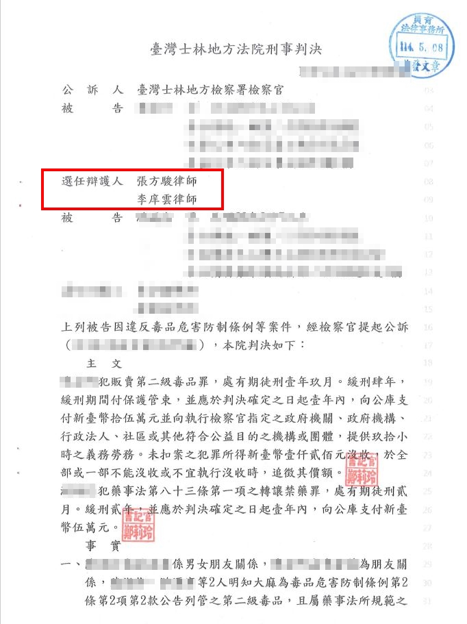 販賣二級毒品-緩刑案例分享 |台中律師事務所,台中刑事律師,台中毒品律師,台中刑案律師
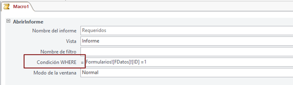 Y la segunda duda es, ¿por qué hay veces que al especificar el contenido de la condición where hay que usar el formato ="[Tabla].[Campo]..." y otras veces lo que pretendes se consigue utilizando el formato [Tabla].[Campo]..., sin poner un signo igual al principio y sin comillas?
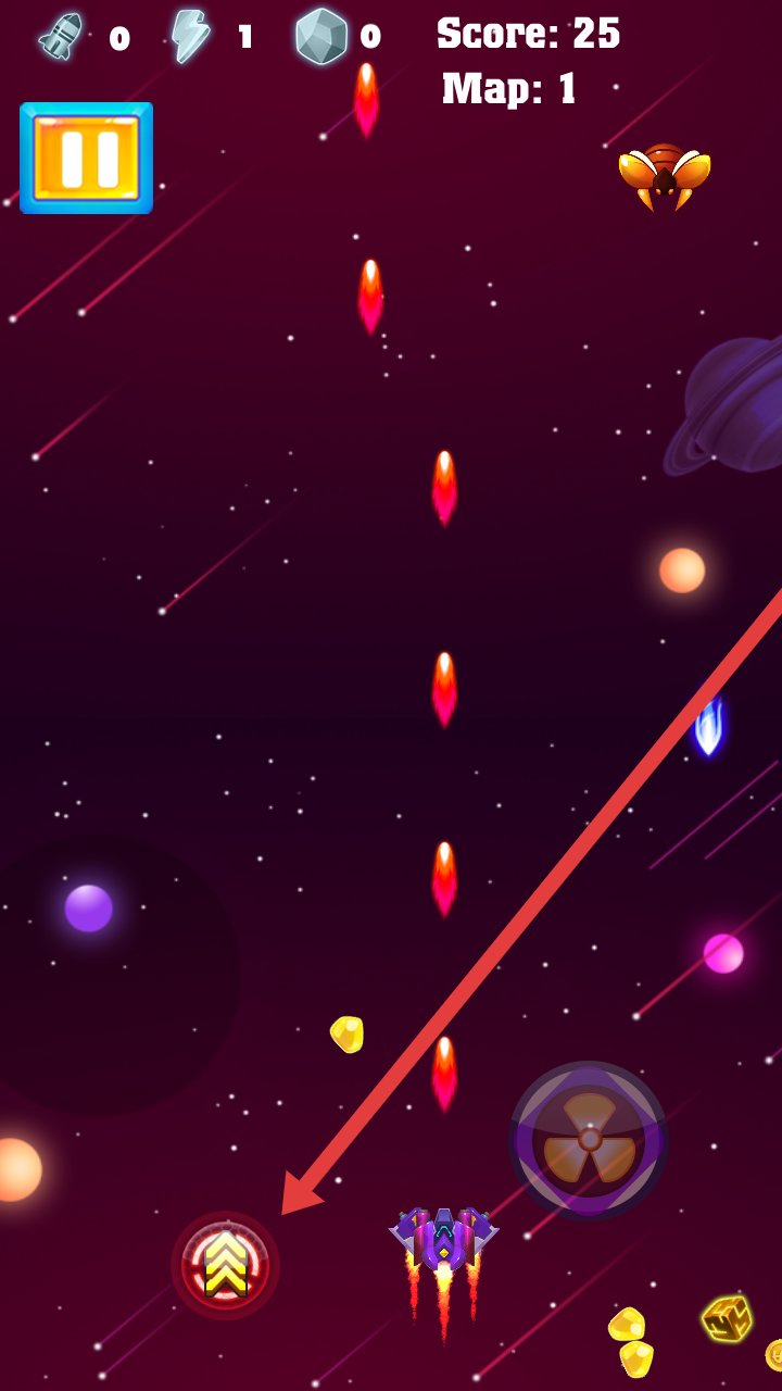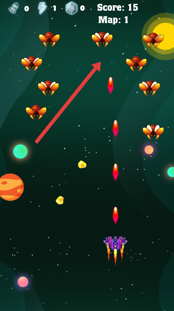 2、在攻击敌人的过程中,也需要注意是否有道具出现,记得控制飞船进行拾取,可以增加攻击的火力。
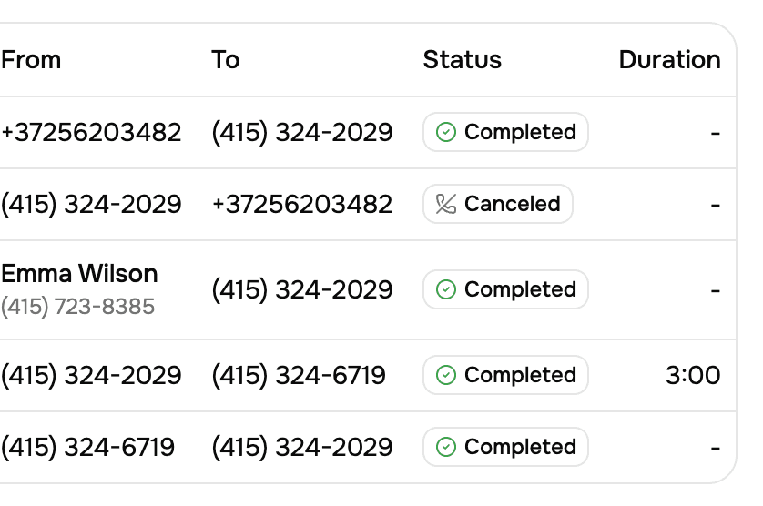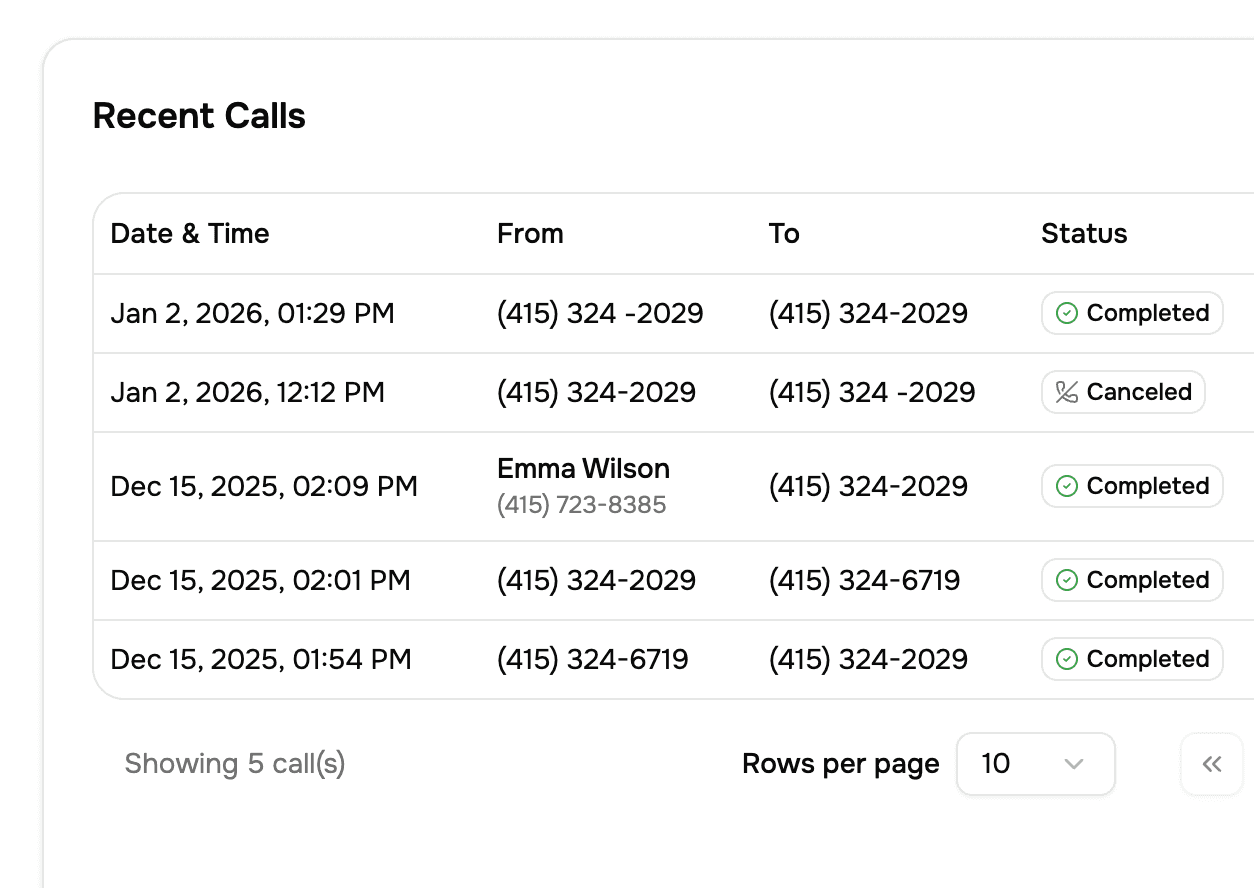 See live call status, recent inbound and outbound calls, durations, and completion states as they happen.
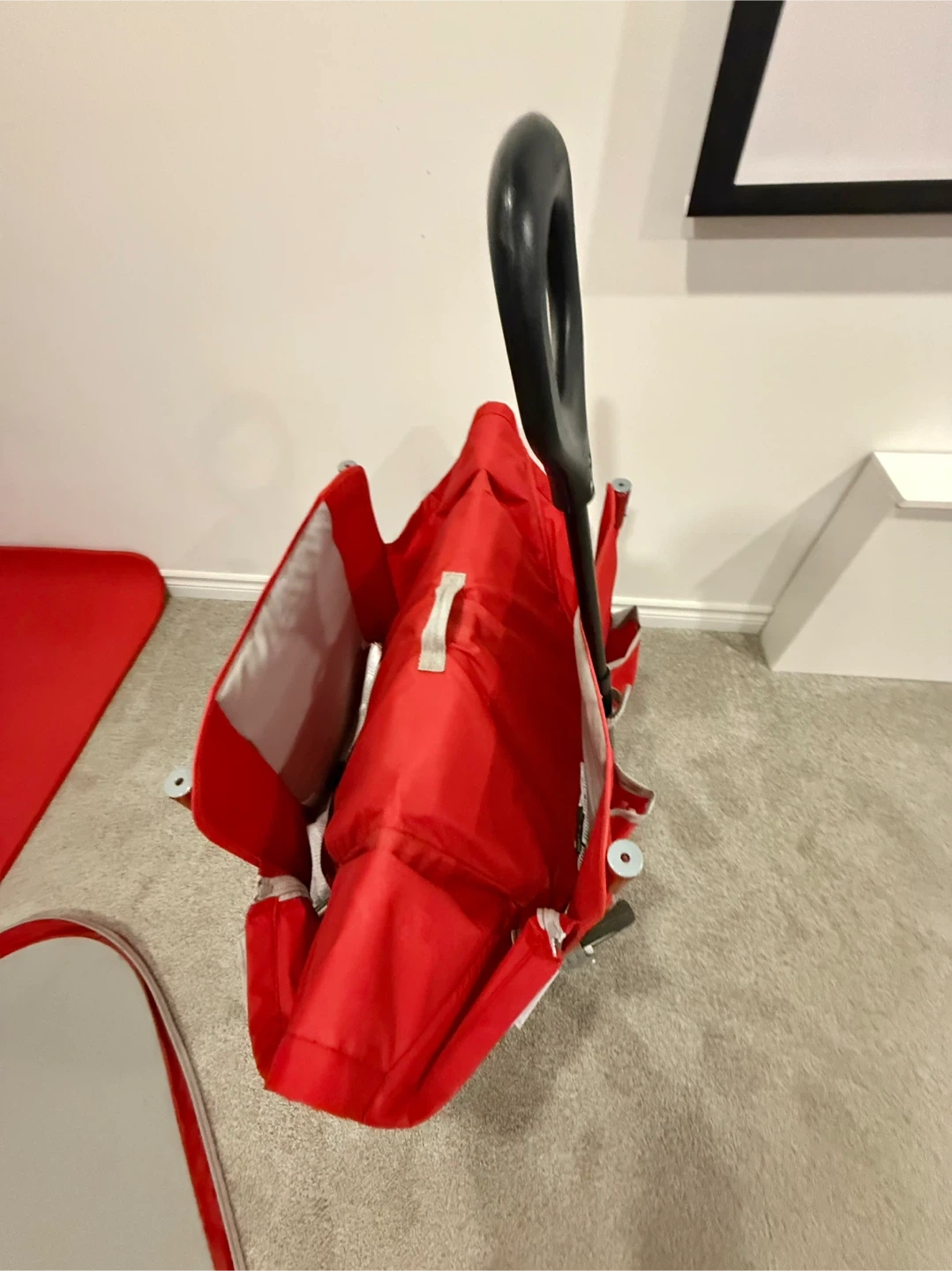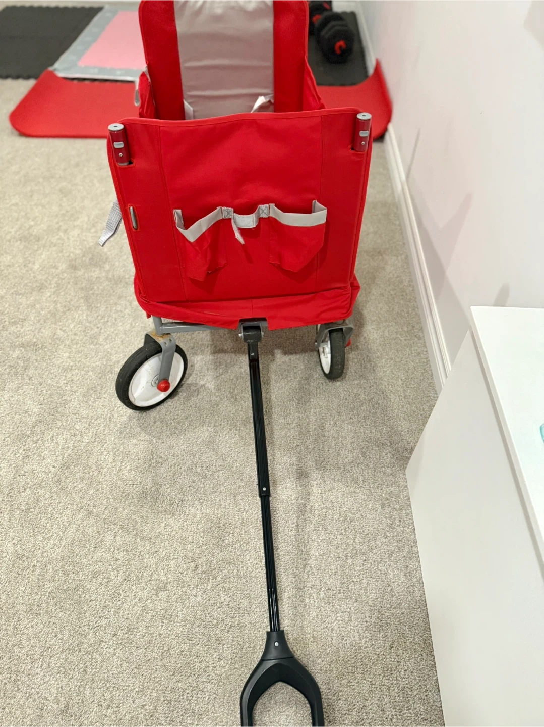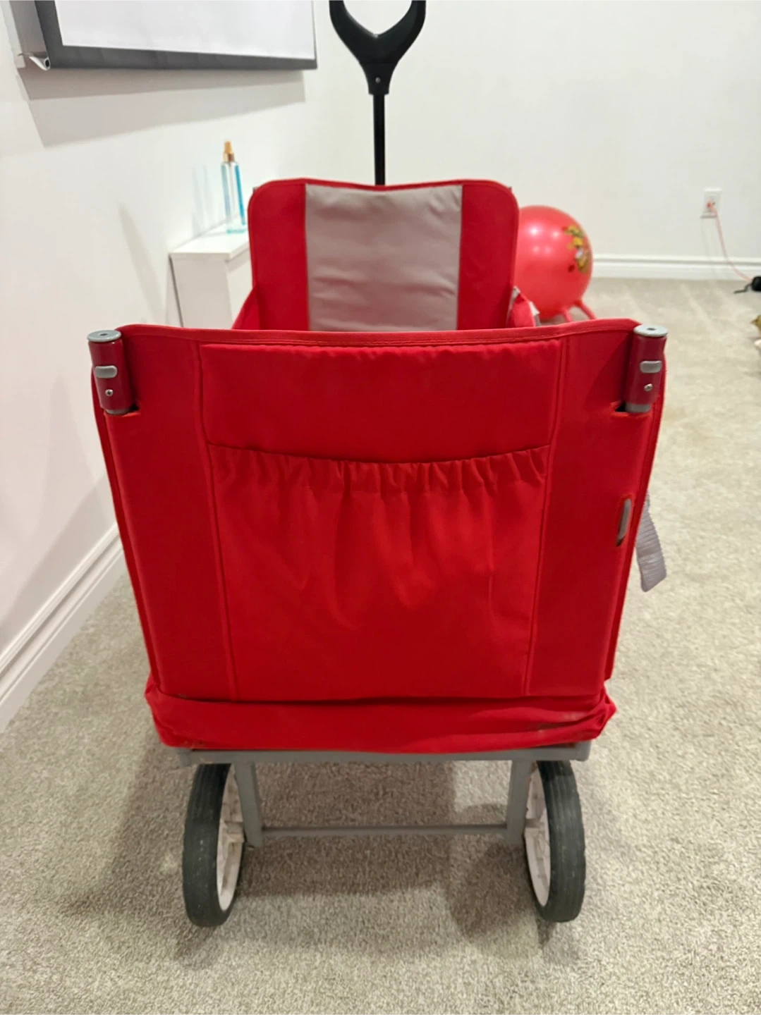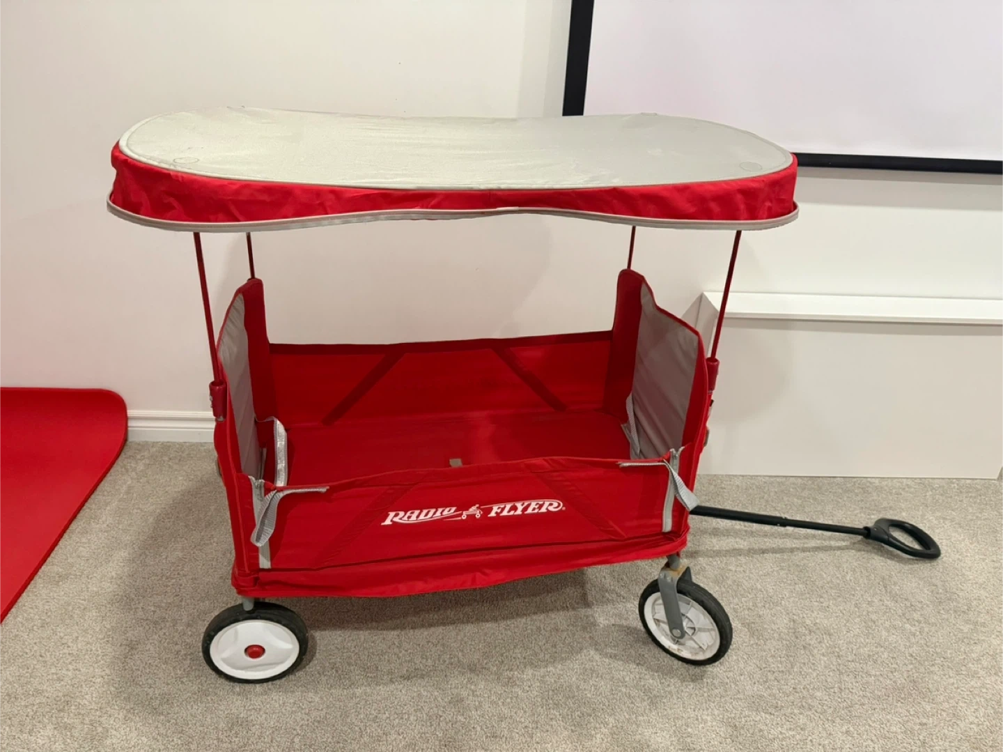 Gently used and in excellent condition This versatile collapsible wagon has 3 riding features: 1. Hauling – carry all your gear with ease; 2. 2 Rider Seating – comfortable space for kids; 3. Bench Seating – unzip the sides to instantly create a bench. ✅ Easy one-hand fold for quick storage and portability ✅ Canopy for shade and protection ✅ Strong, durable, and perfect for family outings, park trips, or travel Used but very well kept.

◇ ◇ ◇ ◇

[What the exercise asks] Once you find the line that contains "See live call", give it again along with every later line through the end of the data, word for word, minus the pictures.

[Exercise answer]
 See live call status, recent inbound and outbound calls, durations, and completion states as they happen.
 Gently used and in excellent condition This versatile collapsible wagon has 3 riding features: 1. Hauling – carry all your gear with ease; 2. 2 Rider Seating – comfortable space for kids; 3. Bench Seating – unzip the sides to instantly create a bench. ✅ Easy one-hand fold for quick storage and portability ✅ Canopy for shade and protection ✅ Strong, durable, and perfect for family outings, park trips, or travel Used but very well kept.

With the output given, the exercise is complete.